EXTRACTED RECORDS

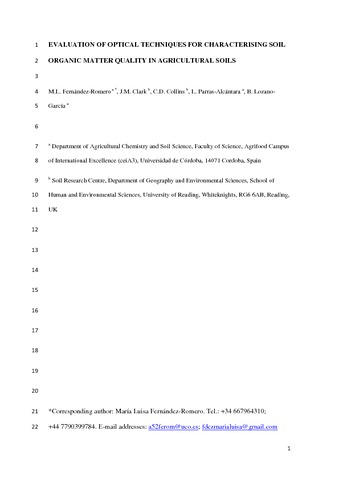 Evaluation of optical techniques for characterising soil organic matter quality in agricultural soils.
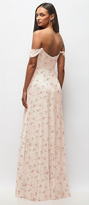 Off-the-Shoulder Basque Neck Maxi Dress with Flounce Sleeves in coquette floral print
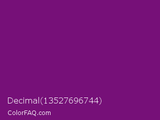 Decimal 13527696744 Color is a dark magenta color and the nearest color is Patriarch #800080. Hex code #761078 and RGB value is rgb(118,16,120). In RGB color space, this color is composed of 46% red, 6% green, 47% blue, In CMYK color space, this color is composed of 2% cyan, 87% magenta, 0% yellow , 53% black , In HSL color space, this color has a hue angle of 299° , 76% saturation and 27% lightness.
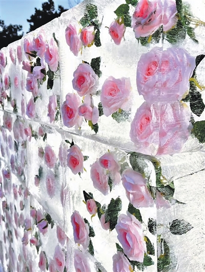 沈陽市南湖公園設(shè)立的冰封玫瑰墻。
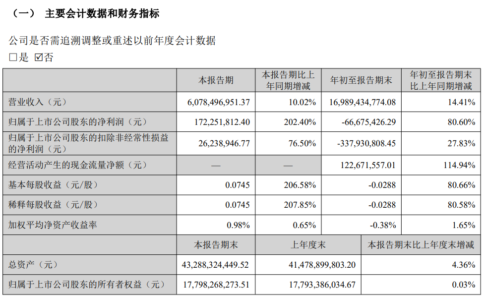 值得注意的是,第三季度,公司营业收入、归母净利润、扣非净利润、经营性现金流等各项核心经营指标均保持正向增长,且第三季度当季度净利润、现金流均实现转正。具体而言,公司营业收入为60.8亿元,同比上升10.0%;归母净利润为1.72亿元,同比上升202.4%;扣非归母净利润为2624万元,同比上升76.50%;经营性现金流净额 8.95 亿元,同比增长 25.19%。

--

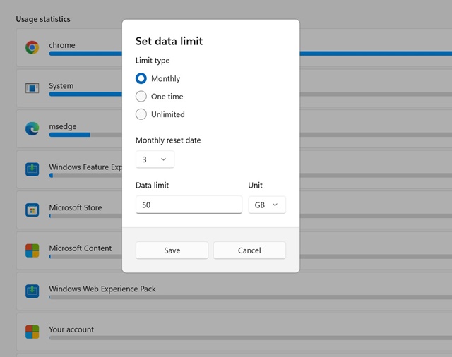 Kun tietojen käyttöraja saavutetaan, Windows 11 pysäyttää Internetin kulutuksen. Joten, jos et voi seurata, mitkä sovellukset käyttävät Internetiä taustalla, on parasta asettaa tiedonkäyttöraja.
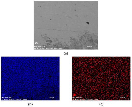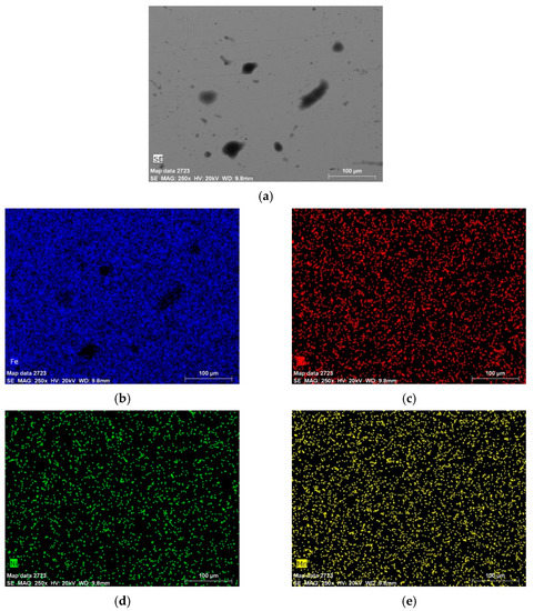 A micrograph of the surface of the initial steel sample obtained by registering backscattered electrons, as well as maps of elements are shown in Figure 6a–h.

WORK TO BE COMPLETED
The lines above from the line with "Evaluation of optical" through the line with "8.95 亿元,同比增长 25.19%。" are to be given again word for word, with no pictures among them.

SOLUTION TO THIS TASK
 Evaluation of optical techniques for characterising soil organic matter quality in agricultural soils.
 Off-the-Shoulder Basque Neck Maxi Dress with Flounce Sleeves in coquette floral print
 Decimal 13527696744 Color is a dark magenta color and the nearest color is Patriarch #800080. Hex code #761078 and RGB value is rgb(118,16,120). In RGB color space, this color is composed of 46% red, 6% green, 47% blue, In CMYK color space, this color is composed of 2% cyan, 87% magenta, 0% yellow , 53% black , In HSL color space, this color has a hue angle of 299° , 76% saturation and 27% lightness.
 沈陽市南湖公園設(shè)立的冰封玫瑰墻。
 值得注意的是,第三季度,公司营业收入、归母净利润、扣非净利润、经营性现金流等各项核心经营指标均保持正向增长,且第三季度当季度净利润、现金流均实现转正。具体而言,公司营业收入为60.8亿元,同比上升10.0%;归母净利润为1.72亿元,同比上升202.4%;扣非归母净利润为2624万元,同比上升76.50%;经营性现金流净额 8.95 亿元,同比增长 25.19%。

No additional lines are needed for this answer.